- Work to complete: Give again, exactly as written, the lines of the records below from the line with "1. This wireless" to the line with "12dílná zahradní sedací". Both end lines count; pictures do not.

(The data begins)

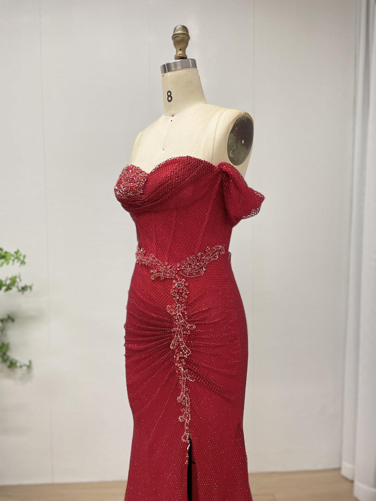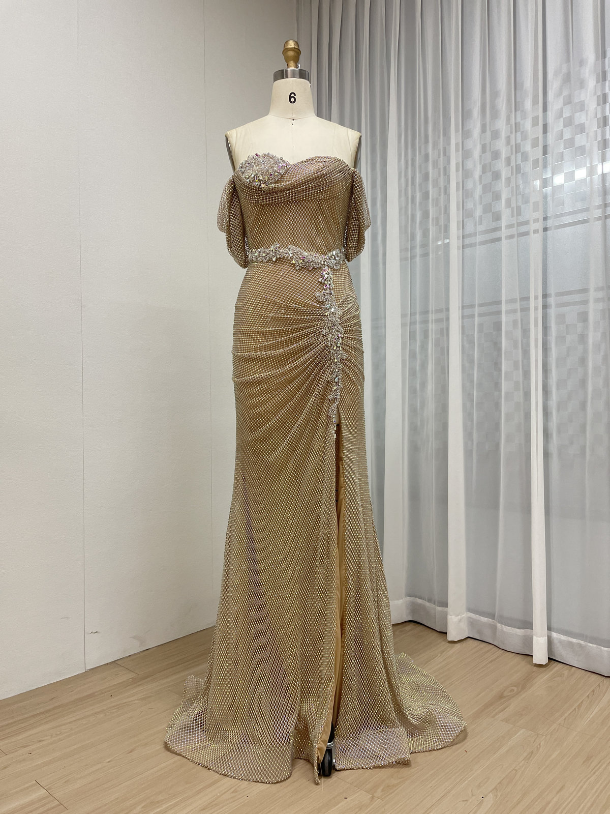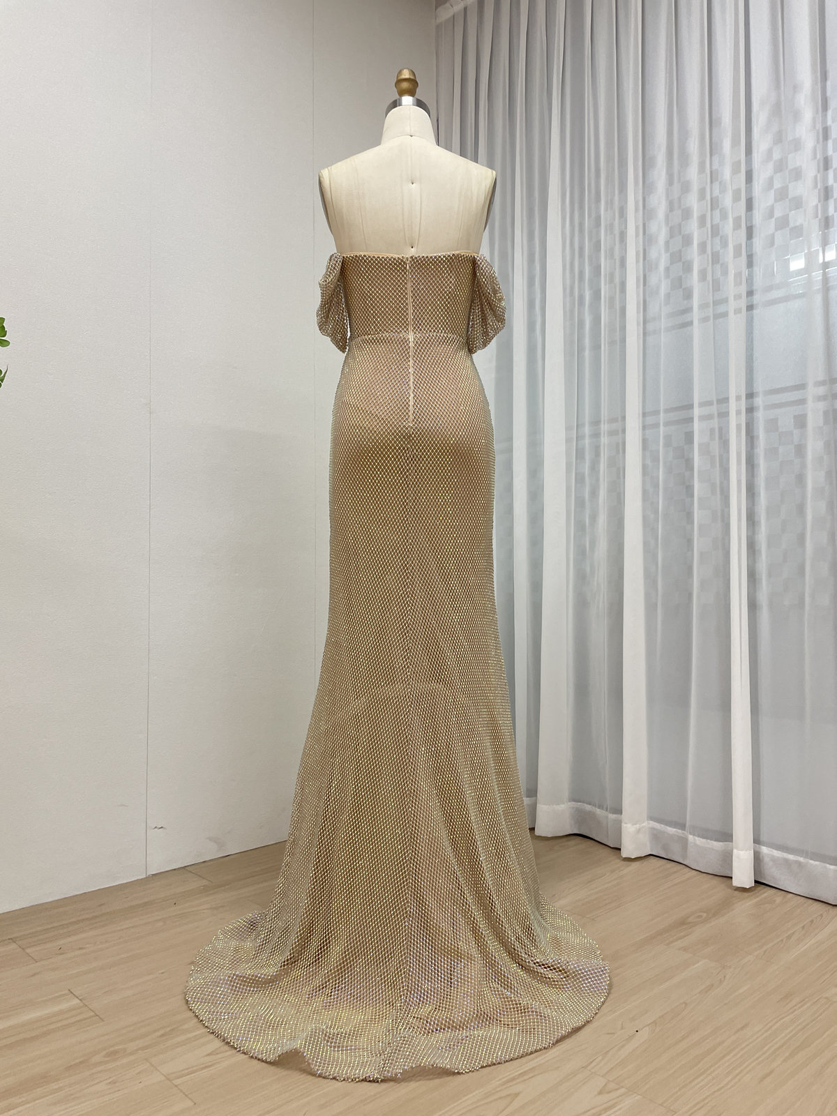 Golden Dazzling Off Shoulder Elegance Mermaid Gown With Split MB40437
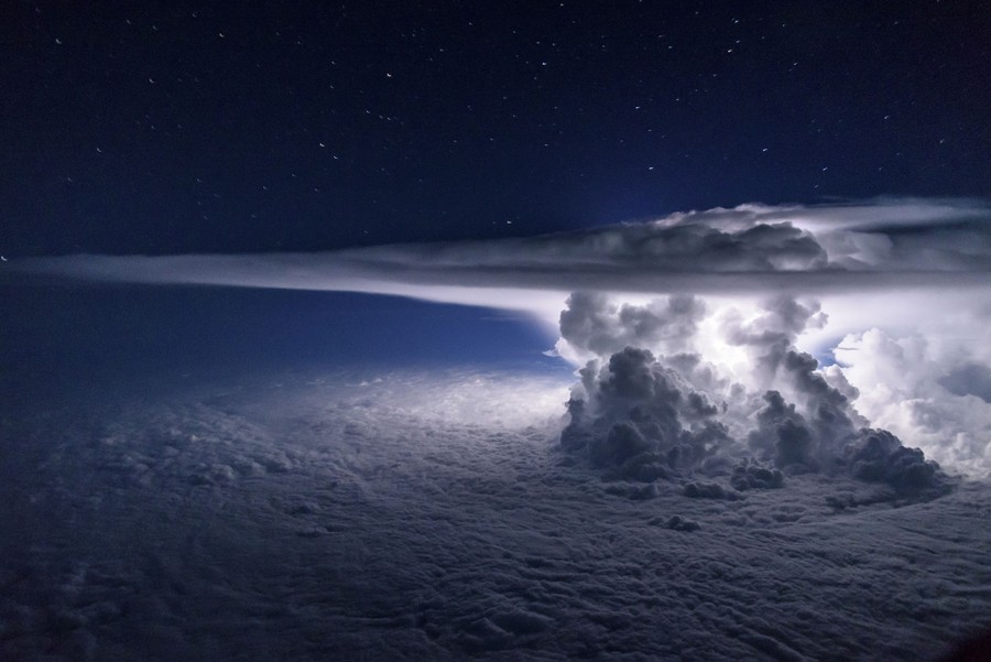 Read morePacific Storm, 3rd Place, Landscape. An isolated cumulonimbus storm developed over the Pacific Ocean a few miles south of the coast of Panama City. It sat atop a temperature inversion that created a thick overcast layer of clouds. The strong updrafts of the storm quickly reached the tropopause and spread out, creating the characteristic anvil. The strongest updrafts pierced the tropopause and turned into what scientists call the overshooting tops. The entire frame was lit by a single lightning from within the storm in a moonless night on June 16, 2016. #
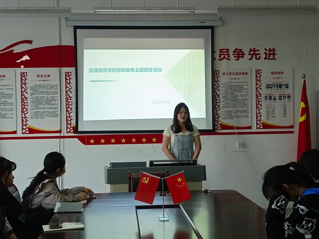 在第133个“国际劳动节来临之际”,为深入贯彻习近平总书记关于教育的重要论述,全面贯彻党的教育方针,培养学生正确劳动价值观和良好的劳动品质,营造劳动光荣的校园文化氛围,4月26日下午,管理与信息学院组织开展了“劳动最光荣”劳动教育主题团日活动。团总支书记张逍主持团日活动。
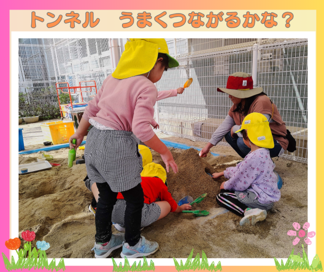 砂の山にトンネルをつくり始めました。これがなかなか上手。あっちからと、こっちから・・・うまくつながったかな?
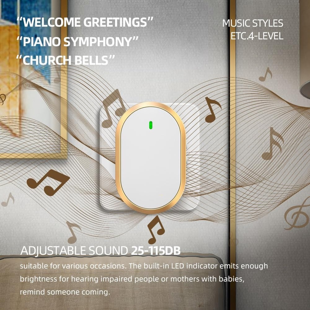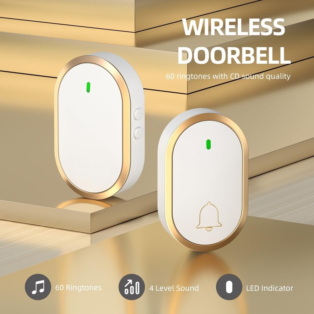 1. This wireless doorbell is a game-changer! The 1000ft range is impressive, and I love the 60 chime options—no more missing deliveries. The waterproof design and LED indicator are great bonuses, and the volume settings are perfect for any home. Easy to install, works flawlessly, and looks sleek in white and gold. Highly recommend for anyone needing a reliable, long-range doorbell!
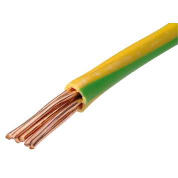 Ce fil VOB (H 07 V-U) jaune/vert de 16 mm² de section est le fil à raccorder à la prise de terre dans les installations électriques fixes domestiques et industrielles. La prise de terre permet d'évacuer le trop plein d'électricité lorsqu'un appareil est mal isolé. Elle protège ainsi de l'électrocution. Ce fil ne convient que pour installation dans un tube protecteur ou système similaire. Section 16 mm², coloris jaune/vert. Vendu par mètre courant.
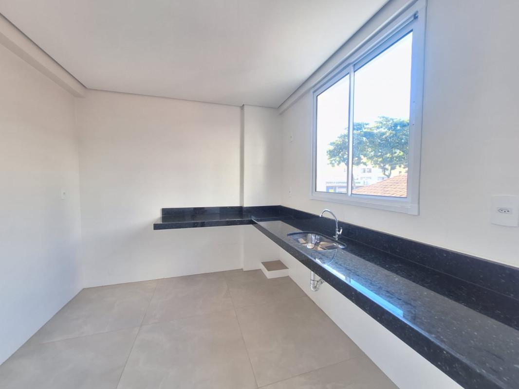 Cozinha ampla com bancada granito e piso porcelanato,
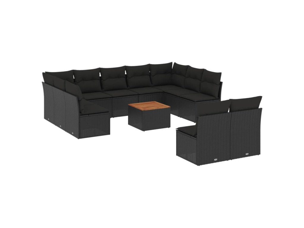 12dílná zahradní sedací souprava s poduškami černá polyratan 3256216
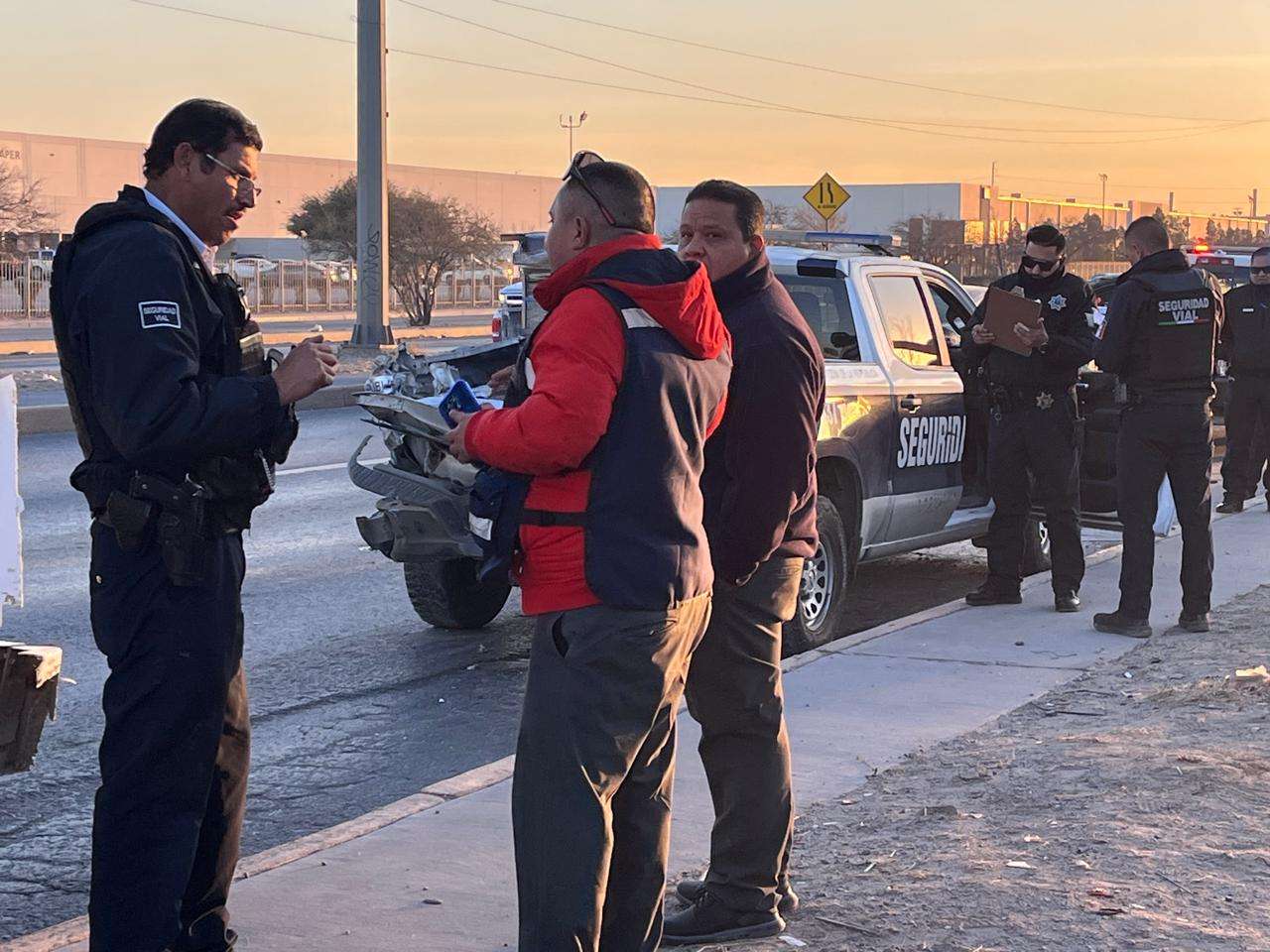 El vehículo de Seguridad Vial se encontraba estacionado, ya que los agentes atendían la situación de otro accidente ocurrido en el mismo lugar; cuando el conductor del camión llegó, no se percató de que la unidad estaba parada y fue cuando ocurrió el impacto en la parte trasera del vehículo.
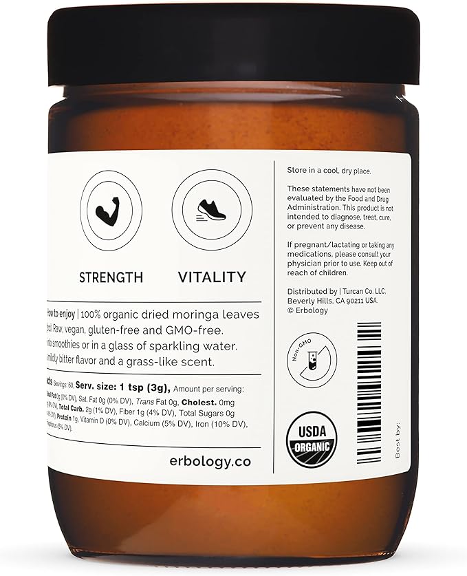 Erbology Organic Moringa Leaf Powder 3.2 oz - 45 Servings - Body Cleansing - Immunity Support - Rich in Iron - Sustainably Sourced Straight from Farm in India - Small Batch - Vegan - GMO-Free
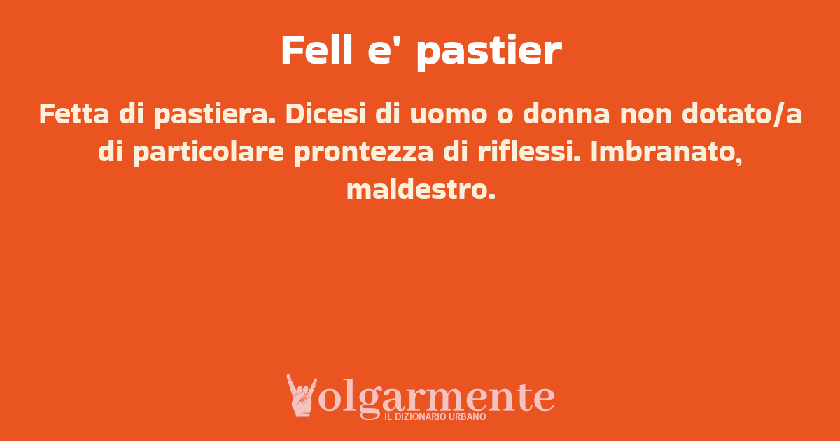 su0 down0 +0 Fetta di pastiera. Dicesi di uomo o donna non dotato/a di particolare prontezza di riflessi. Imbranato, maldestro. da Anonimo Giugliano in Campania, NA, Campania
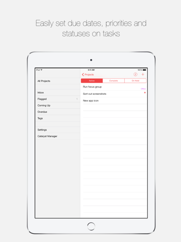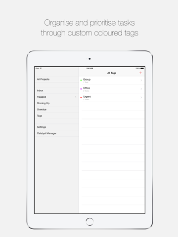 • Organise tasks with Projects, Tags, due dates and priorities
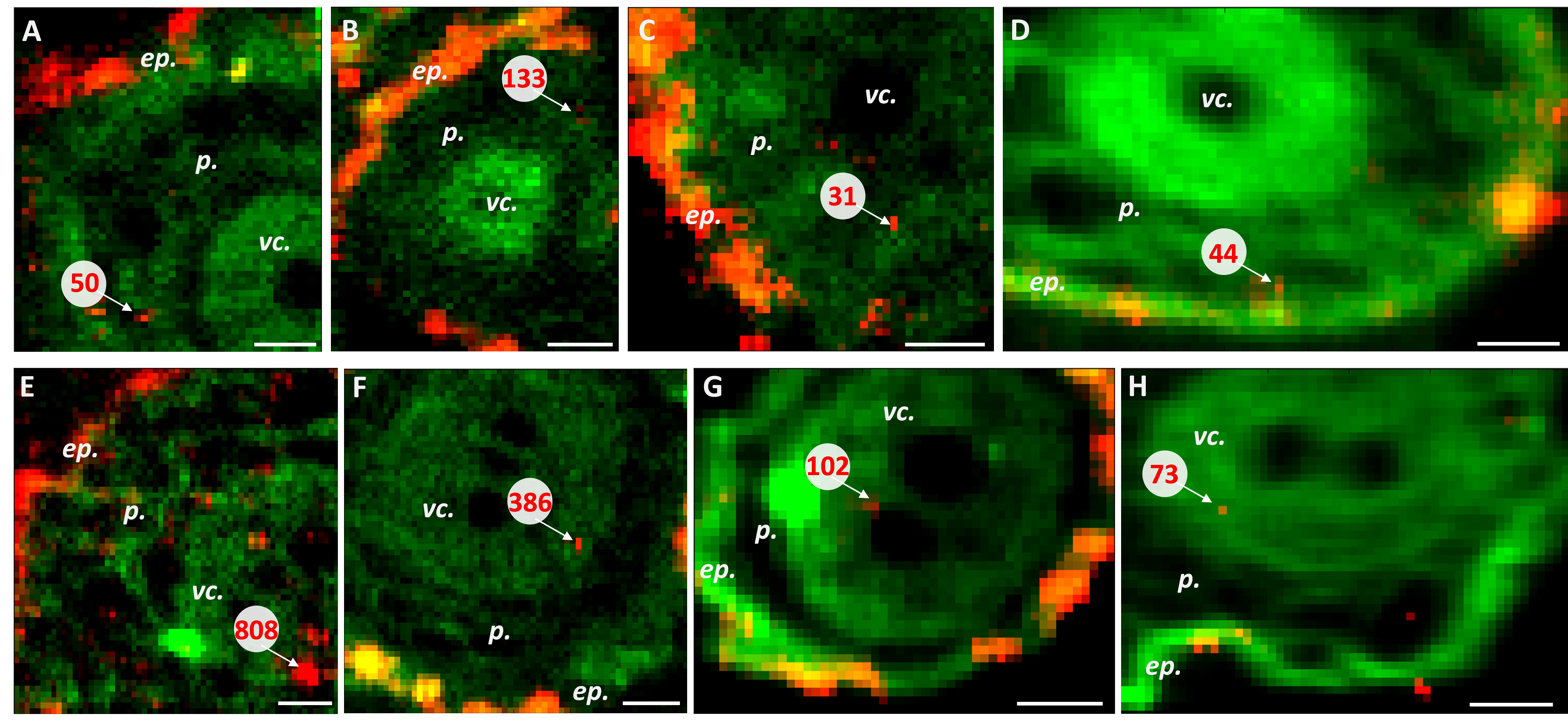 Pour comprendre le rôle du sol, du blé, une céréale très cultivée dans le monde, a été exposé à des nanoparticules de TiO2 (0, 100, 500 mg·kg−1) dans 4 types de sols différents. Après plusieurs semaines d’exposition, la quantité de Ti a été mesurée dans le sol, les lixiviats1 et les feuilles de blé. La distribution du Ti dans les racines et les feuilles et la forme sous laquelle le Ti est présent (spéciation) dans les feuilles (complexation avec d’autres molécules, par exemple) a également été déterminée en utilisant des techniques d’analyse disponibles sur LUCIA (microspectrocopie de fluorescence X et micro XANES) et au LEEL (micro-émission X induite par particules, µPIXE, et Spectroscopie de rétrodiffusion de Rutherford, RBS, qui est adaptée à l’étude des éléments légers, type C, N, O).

(The data ends)

- Exercise result:
 1. This wireless doorbell is a game-changer! The 1000ft range is impressive, and I love the 60 chime options—no more missing deliveries. The waterproof design and LED indicator are great bonuses, and the volume settings are perfect for any home. Easy to install, works flawlessly, and looks sleek in white and gold. Highly recommend for anyone needing a reliable, long-range doorbell!
 Ce fil VOB (H 07 V-U) jaune/vert de 16 mm² de section est le fil à raccorder à la prise de terre dans les installations électriques fixes domestiques et industrielles. La prise de terre permet d'évacuer le trop plein d'électricité lorsqu'un appareil est mal isolé. Elle protège ainsi de l'électrocution. Ce fil ne convient que pour installation dans un tube protecteur ou système similaire. Section 16 mm², coloris jaune/vert. Vendu par mètre courant.
 Cozinha ampla com bancada granito e piso porcelanato,
 12dílná zahradní sedací souprava s poduškami černá polyratan 3256216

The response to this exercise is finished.